Abstract
Purpose
Despite intense research and innovations in peri-operative management, a high mortality rate and frequent systemic complications in trochanteric femoral fractures persist.
The aim of the present study was to identify predictive factors for mortality and cardio-respiratory complications after different treatment methods in a ten year period at a level I trauma centre.
Methods
Retrospectively, all patients above 60 years of age with trochanteric femoral fracture between January 2000 and May 2011 were analyzed at a level I trauma centre. Demographic variables, comorbidities, and data regarding the surgical procedures, including required transfusions and post-operative complications, were evaluated, and the in-hospital mortality was recorded.
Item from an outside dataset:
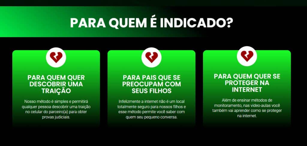 Um desses aplicativos que circula no mercado é chamado “Tempo do Saber” e promete ser um “aplicativo espião que tudo vê”. Ele é oferecido em uma página de vendas onde um vídeo apresenta imagens de mulheres seminuas que supostamente estão sendo acessadas por um smartphone de terceiros. No caso, o primeiro depoimento é de uma mulher que se diz casada com um caminhoneiro e está usando o aplicativo para monitorar tudo o que o marido faz no dispositivo, em busca de comprovar alguma traição.

The grade of osteoporosis was classified radiographically using the Singh index.
Results
The in-hospital mortality rate was 8.2% among 437 patients (male/female ratio = 110/327, mean age = 81 years) with extramedullary open (n = 144), intramedullary (n = 166), and extramedullary minimally invasive (n = 125) procedures. Significant influential factors on in-hospital mortality were identified with binary logistic regression analysis: an age of ≥90 years (P = 0.011), male sex (P = 0.003), a high American Society of Anesthesiologists (ASA) grade (3–5, P = 0.042), and a high osteoporosis grade (Singh index 3–1, P = 0.011). A total of 21.5% of the study population suffered cardio-respiratory complications post-operatively. The specific mortality was 28.7% (P < 0.001), which was influenced by a high ASA grade (3–5, P = 0.002) and a high transfusion rate (P = 0.004). Minimally invasive locked plating was associated with increased cardio-respiratory complications (P = 0.031).
Conclusions
This study identified high patient age, distinctive comorbidities, male sex, and high osteoporosis grade as significant risk factors for increased in-hospital mortality in the treatment of trochanteric femoral fractures. Furthermore, high ASA grade and a liberal transfusion regime led to an increased incidence of cardio-respiratory complications. Patient-specific characteristics, especially osteoporosis grade and pre-existing medical conditions, may assist in the identification of high-risk patients and allow a patient-specific geriatric co-management plan.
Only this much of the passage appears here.